September 2 | comments icon 0 COMMENTS     print icon print

11-JOHN-PAUL

Following in the footsteps of Saint Mother Teresa

This week’s editorial leader

‘The greatest disease in the West today is not TB or leprosy; it is being unwanted, unloved, and uncared for. We can cure physical diseases with medicine, but the only cure for loneliness, despair, and hopelessness is love. There are many in the world who are dying for a piece of bread but there are many more dying for a little love. The poverty in the West is a different kind of poverty—it is not only a poverty of loneliness but also of spirituality. There’s a hunger for love, as there is a hunger for God” – St Teresa of Calcutta.

For all the pomp and circumstance that will attend her canonisation at the Vatican today, for all joy and celebrations that will be seen on every continent, for all the millions of people that were and are inspired by Mother Teresa, at heart her message remains incredibly simple.

As the quote about suggests, she recognised that what human beings need is to be loved. And so she set out to bring more love into the world. And she succeeded.

In this week’s paper we have interviews with a range of people who met her, and who she inspired. Of course, her work with the poor is what most will first think of. It’s worth remembering that she left Macedonia to work in India, then left a job as a teacher to give her life over to those who had nothing.

Yet throughout her life she was guided by a profound spirituality. As one person who met her when she visited Glasgow said: “We interrupt what we are doing to pray. She interrupted her prayers to do what needed to be done.”
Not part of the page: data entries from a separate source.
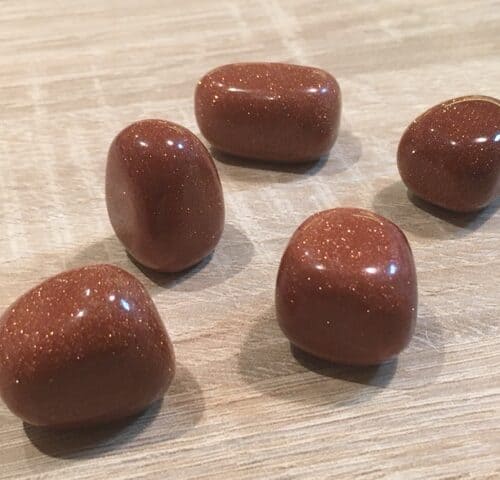 Goldflush/Goudsteen is synthetische glas met minuscule stukjes koper wat een mooi glinsterend effect heeft. De steen kan roodbruin, donkerblauw en groen van kleur zijn. Goudsteen werd voor het eerst gemaakt door alchemisten die goud probeerden te maken.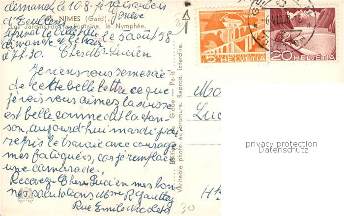 13500319 carte postale Nimes Les Jardins de la Fontaine Nymph postalisch gelaufen Erhaltung siehe scans [LiesaD40] KatCode: 11170030230189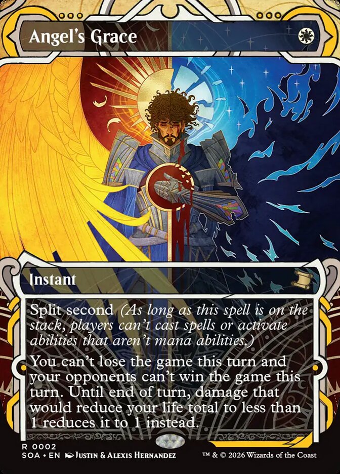 You can't lose the game this turn and your opponents can't win the game this turn. Until end of turn, damage that would reduce your life total to less than 1 reduces it to 1 instead.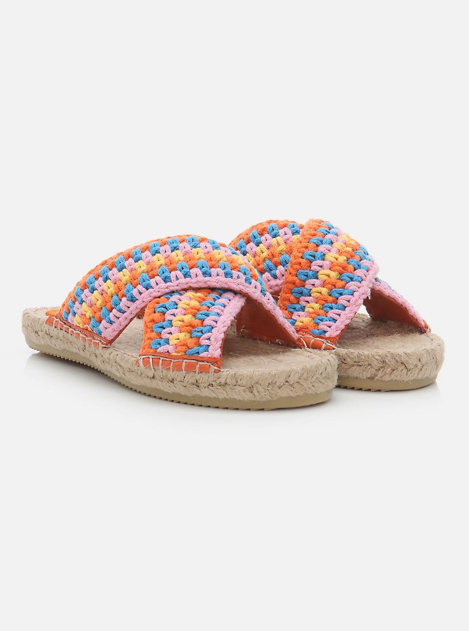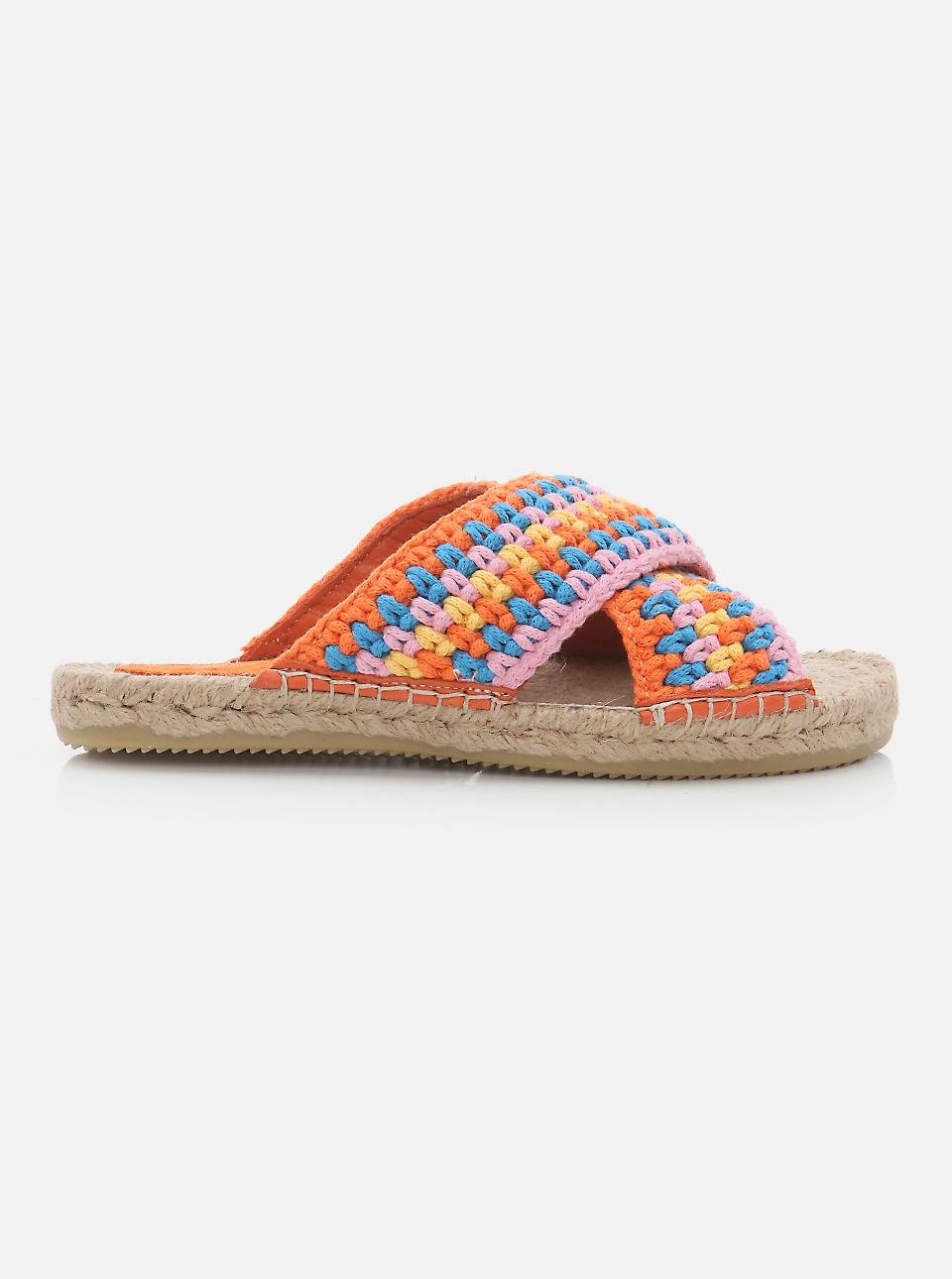 Kinsee Turuncu-Pembe Örgü Kadın Espadril Terlik

This is what underpinned everything she did for the needy; her spiritual life motivated all her material deeds.

Pope Francis has made no secret of the fact he wishes us to go and carry out acts of mercy in the world—in Mother Teresa we have the perfect inspiration. Her efforts, tireless and without ceasing, make her an icon of mercy.

She was the living proof that it’s not enough to think good thoughts. You also have to act.

For all her work with the world’s poorest, her analysis of the troubles of the West was profoundly astute. With technology, wealth and ego, we have isolated ourselves from love. Yet every one of us has the ability to break down those barriers. We are all capable of following in the footsteps of Mother Teresa and bringing love into the world. The need is acute. All of us, without hesitiating, will be able to think of those in our lives who are bereft of love, who are lonely, and may even be destructive. In her memory we must try to bring love to them.